Contracts store state in tables — typed, multi-index collections, not arbitrary key/value blobs.

Multi-index tables

A table holds rows of a defined struct, identified by a primary key, and may have secondary indexes for lookups on other fields. PulseVM serves the 64-bit and 128-bit secondary-index host functions today (db_idx64_*, db_idx128_*); see host functions.

rust
#[derive(Read, Write, NumBytes, Clone)]
#[table(primary_key = row.account.value)]
pub struct Greeting { pub account: Name, pub text: String }

const GREETINGS: MultiIndexDefinition<Greeting> = MultiIndexDefinition::new(name!("greetings"));

Scope

Every table is addressed by (code, scope, table) — the contract account, a scope (often an account or symbol), and the table name.
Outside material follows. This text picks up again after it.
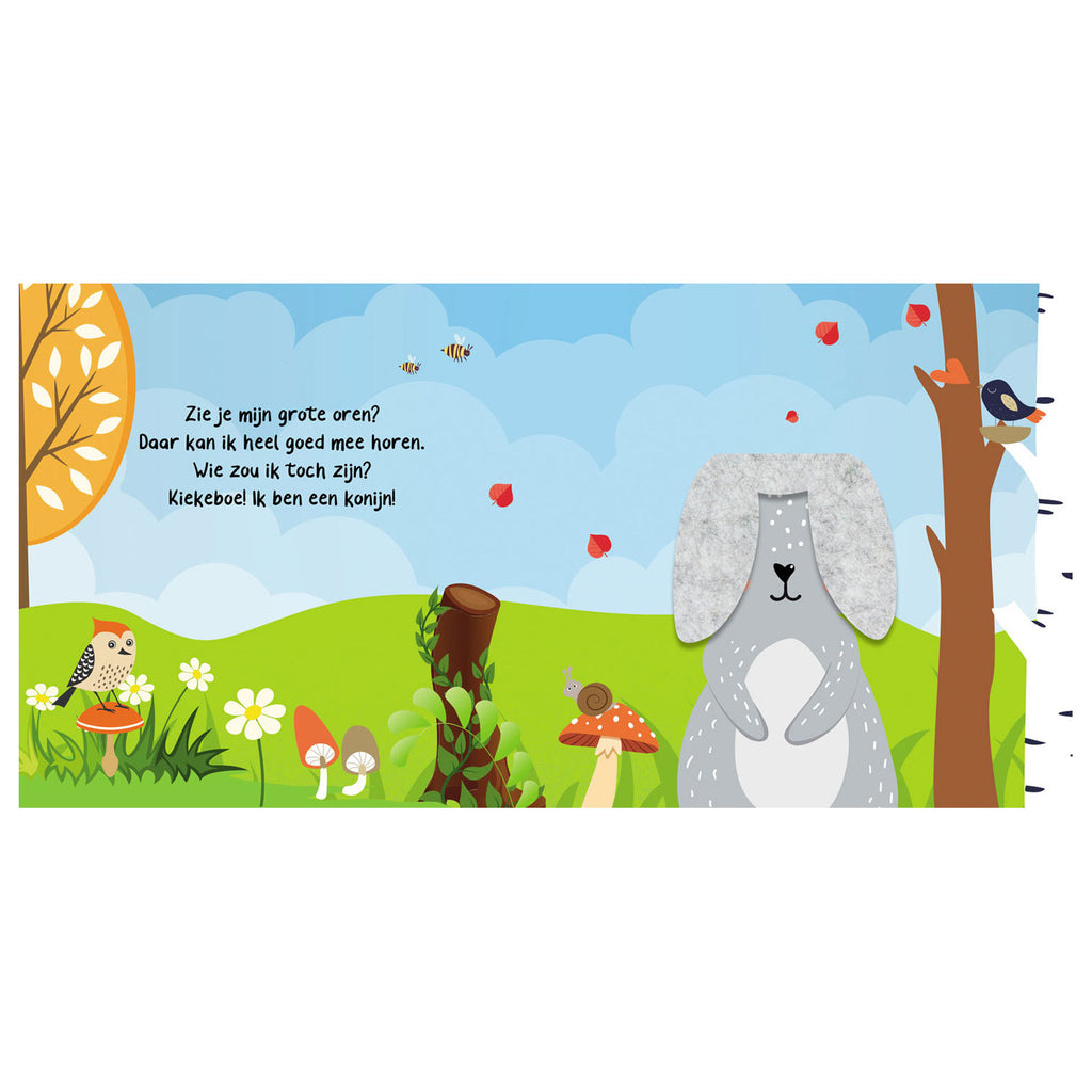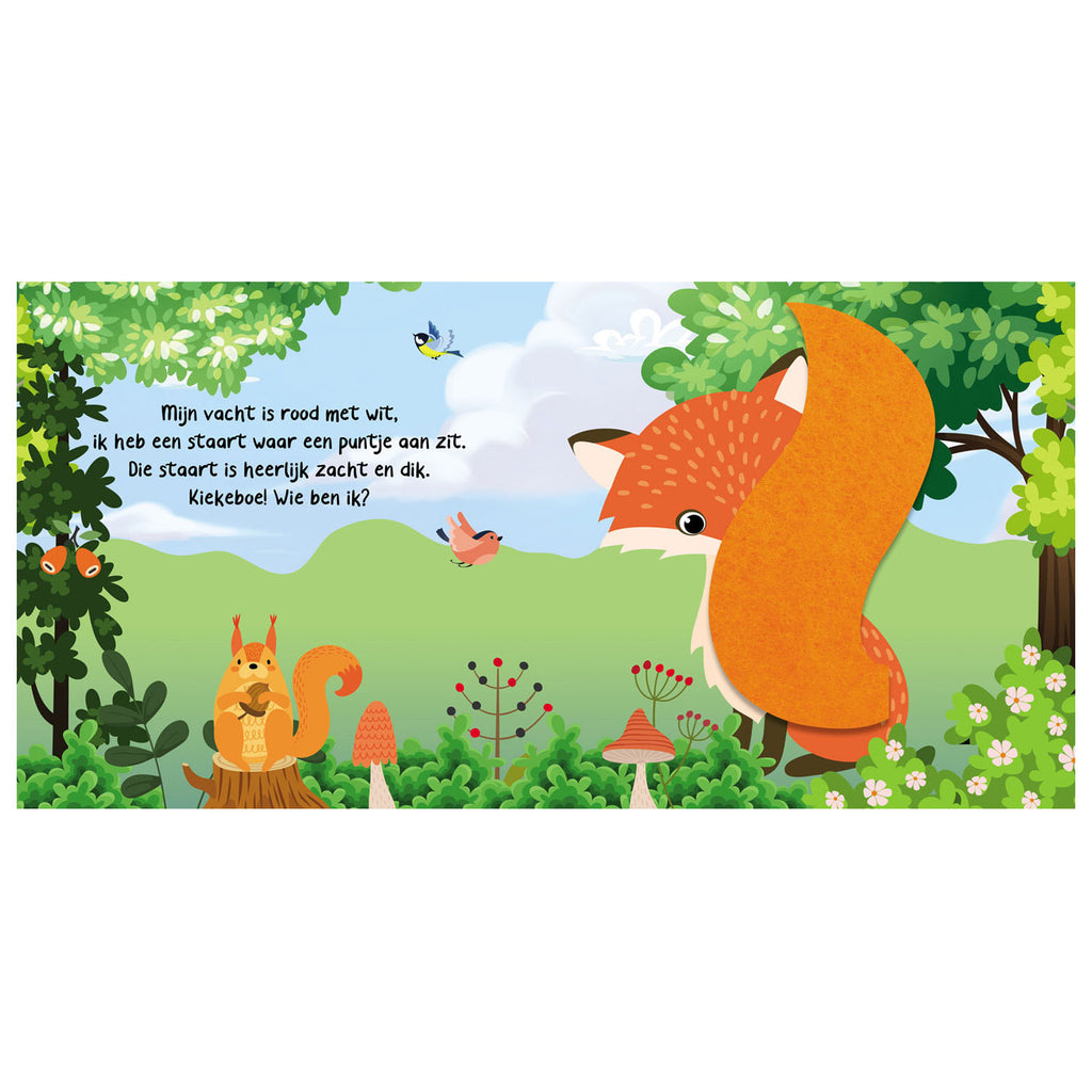 Zoek samen naar de verstopte bosdieren achter de vrolijke vilten flapjes. Leer spelenderwijs de bosdieren kennen door een verhaaltje. Wie zit er verstopt achter die grote staart? Het is de eekhoorn! Het stevige karton maakt dat het boek tegen een stootje kan.

Scope lets a contract partition data (e.g. balances scoped per account, token stats scoped per symbol). It's how pulse.token keeps each holder's balance separate.

RAM

Table rows consume RAM, paid by an explicit payer at write time. Provisioning RAM is a resource decision; the institution or app, not the end user, pays.

Reads are free

Reading tables costs nothing — over the RPC (getTableRows) or via an indexer. Auditors and regulators can be given complete, real-time read access at no cost. See Finality & Settlement.